(Items listed in a dataset)

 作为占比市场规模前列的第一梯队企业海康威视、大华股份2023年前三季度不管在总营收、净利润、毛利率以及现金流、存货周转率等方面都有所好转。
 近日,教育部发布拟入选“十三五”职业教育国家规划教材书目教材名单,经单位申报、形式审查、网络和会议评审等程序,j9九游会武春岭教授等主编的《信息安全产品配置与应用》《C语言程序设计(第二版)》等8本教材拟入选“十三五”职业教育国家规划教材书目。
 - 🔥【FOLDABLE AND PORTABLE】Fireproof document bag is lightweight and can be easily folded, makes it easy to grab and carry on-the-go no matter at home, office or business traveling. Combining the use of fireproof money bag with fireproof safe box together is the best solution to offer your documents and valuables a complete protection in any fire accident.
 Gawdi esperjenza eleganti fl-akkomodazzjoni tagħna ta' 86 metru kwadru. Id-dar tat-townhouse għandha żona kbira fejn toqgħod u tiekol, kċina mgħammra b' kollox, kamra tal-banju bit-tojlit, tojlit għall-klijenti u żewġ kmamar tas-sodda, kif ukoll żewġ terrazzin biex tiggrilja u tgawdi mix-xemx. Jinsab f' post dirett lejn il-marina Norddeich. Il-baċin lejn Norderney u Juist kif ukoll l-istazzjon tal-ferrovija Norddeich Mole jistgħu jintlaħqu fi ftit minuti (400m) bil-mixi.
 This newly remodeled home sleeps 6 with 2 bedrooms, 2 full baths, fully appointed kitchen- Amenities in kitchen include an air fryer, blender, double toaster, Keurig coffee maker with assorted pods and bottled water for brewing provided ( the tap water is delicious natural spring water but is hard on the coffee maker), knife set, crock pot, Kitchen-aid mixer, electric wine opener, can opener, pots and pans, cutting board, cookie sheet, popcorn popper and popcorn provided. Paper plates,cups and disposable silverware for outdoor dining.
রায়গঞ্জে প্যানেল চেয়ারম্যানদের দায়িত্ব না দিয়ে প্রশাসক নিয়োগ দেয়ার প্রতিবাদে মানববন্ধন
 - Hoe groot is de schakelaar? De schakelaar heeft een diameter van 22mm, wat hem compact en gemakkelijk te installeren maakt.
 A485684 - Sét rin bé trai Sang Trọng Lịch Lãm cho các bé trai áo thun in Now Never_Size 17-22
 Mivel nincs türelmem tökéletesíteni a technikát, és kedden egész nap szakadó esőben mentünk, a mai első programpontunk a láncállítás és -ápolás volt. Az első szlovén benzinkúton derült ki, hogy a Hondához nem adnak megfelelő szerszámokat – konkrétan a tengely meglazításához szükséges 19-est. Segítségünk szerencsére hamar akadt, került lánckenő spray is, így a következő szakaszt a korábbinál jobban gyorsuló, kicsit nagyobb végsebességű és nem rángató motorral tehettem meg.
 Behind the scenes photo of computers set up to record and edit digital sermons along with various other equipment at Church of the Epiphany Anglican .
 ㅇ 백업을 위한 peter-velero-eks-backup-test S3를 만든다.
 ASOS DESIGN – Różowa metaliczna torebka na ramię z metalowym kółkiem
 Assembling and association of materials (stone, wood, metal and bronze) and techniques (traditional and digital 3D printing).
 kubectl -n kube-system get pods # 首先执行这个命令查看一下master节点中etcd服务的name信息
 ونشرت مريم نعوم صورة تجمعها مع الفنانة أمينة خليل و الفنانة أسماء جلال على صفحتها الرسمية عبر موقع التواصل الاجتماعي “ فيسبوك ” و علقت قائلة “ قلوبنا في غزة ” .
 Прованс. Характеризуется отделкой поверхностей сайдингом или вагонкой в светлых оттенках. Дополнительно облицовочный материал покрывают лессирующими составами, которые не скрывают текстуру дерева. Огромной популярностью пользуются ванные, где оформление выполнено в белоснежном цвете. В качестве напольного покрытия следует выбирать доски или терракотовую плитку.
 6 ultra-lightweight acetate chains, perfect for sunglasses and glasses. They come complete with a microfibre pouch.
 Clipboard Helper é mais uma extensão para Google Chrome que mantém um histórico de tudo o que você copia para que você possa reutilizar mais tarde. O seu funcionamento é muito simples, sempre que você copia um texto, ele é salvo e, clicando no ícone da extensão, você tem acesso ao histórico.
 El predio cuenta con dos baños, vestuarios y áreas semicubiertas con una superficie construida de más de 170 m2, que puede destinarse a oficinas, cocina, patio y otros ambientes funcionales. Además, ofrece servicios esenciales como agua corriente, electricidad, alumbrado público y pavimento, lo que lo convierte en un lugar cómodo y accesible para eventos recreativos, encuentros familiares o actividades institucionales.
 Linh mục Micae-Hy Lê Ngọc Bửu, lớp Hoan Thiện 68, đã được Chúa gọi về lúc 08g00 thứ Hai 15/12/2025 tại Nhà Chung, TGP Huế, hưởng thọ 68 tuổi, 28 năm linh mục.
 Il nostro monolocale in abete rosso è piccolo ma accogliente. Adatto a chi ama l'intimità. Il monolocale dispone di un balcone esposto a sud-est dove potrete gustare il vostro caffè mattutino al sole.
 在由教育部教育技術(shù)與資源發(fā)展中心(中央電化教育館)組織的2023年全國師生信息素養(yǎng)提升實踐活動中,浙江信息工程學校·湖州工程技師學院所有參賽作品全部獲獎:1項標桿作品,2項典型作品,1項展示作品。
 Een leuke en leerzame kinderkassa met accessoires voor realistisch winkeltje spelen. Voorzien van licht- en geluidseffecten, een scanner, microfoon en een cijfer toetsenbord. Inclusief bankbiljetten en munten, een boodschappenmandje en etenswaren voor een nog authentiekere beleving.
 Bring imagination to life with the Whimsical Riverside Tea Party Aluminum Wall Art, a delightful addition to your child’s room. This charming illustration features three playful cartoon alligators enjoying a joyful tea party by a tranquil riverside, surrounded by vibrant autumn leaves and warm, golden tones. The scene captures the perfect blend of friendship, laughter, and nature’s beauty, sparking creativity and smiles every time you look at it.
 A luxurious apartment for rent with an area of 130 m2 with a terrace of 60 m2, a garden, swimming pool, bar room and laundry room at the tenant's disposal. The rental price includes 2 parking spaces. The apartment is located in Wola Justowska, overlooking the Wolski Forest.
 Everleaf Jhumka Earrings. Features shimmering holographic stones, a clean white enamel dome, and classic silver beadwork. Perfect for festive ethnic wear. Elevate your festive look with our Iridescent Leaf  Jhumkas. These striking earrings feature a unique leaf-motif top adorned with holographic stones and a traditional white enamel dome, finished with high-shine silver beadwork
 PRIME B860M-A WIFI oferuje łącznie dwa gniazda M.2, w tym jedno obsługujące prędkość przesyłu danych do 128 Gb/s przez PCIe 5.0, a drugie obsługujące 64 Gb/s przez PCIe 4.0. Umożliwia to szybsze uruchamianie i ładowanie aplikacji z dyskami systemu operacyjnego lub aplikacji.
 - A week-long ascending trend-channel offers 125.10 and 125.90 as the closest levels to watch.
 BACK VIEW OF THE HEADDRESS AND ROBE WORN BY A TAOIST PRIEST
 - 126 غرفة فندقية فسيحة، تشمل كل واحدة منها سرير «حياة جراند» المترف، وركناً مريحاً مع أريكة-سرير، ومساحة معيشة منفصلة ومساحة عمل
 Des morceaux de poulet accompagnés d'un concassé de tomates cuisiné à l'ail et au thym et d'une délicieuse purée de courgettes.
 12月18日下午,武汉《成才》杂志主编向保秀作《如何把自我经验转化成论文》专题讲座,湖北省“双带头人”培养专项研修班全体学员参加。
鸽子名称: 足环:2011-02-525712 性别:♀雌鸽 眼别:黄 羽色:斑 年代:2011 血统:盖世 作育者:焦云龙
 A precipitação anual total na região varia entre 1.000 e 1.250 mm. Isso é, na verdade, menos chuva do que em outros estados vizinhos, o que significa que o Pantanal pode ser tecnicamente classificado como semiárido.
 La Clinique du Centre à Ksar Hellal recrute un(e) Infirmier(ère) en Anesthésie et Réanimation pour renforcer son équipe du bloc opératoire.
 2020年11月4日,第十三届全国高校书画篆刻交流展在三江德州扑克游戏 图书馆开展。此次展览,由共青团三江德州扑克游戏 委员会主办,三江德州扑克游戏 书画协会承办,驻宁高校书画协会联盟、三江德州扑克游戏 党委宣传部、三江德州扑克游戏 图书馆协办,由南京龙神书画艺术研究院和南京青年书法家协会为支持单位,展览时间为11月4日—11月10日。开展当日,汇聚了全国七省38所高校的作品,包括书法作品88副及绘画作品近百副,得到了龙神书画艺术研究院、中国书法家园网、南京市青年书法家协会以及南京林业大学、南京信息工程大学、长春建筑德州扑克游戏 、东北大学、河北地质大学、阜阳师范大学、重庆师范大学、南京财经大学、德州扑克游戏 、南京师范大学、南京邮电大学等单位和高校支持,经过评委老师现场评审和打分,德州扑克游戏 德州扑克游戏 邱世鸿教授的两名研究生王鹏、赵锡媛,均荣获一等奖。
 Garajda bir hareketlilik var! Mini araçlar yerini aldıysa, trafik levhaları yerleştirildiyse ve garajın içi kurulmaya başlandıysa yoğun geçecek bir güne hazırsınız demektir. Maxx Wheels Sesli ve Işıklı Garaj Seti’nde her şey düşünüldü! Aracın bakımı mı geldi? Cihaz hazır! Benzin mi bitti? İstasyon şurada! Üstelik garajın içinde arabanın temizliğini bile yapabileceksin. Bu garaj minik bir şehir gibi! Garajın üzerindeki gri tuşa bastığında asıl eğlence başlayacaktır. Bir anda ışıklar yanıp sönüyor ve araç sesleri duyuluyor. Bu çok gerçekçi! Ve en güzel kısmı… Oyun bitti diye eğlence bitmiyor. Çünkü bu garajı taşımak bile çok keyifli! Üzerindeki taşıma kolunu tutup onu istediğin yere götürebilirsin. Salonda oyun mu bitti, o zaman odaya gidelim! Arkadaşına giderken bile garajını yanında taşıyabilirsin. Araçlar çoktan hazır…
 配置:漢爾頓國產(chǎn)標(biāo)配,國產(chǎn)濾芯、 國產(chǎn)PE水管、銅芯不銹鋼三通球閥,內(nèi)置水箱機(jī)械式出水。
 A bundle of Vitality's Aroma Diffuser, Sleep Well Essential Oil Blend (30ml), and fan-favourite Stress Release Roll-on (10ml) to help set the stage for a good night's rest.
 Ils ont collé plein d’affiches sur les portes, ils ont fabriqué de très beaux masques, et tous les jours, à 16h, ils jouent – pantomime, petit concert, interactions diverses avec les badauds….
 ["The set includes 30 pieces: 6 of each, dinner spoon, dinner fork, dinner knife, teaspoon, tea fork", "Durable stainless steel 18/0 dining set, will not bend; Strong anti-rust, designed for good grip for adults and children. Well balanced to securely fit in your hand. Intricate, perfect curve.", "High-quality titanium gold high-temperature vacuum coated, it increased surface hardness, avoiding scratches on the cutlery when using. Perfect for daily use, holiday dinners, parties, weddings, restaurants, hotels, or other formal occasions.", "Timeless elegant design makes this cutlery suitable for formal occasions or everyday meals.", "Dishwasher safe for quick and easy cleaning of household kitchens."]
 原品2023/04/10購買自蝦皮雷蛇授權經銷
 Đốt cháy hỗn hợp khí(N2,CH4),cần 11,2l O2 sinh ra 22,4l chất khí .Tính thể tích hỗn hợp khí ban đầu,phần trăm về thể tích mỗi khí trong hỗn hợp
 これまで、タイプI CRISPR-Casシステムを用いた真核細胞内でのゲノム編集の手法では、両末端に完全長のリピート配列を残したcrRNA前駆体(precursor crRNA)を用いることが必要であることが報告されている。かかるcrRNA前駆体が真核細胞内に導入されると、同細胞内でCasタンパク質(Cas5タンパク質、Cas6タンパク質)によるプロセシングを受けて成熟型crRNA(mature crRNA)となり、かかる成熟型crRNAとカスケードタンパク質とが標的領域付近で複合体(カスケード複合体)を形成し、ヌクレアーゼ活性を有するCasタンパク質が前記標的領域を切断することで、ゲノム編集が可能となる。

:: Task description ::
Quote every line of the records above, from the first down to the one holding "- 🔥【FOLDABLE AND", exactly as written.

:: Finished task ::
 作为占比市场规模前列的第一梯队企业海康威视、大华股份2023年前三季度不管在总营收、净利润、毛利率以及现金流、存货周转率等方面都有所好转。
 近日,教育部发布拟入选“十三五”职业教育国家规划教材书目教材名单,经单位申报、形式审查、网络和会议评审等程序,j9九游会武春岭教授等主编的《信息安全产品配置与应用》《C语言程序设计(第二版)》等8本教材拟入选“十三五”职业教育国家规划教材书目。
 - 🔥【FOLDABLE AND PORTABLE】Fireproof document bag is lightweight and can be easily folded, makes it easy to grab and carry on-the-go no matter at home, office or business traveling. Combining the use of fireproof money bag with fireproof safe box together is the best solution to offer your documents and valuables a complete protection in any fire accident.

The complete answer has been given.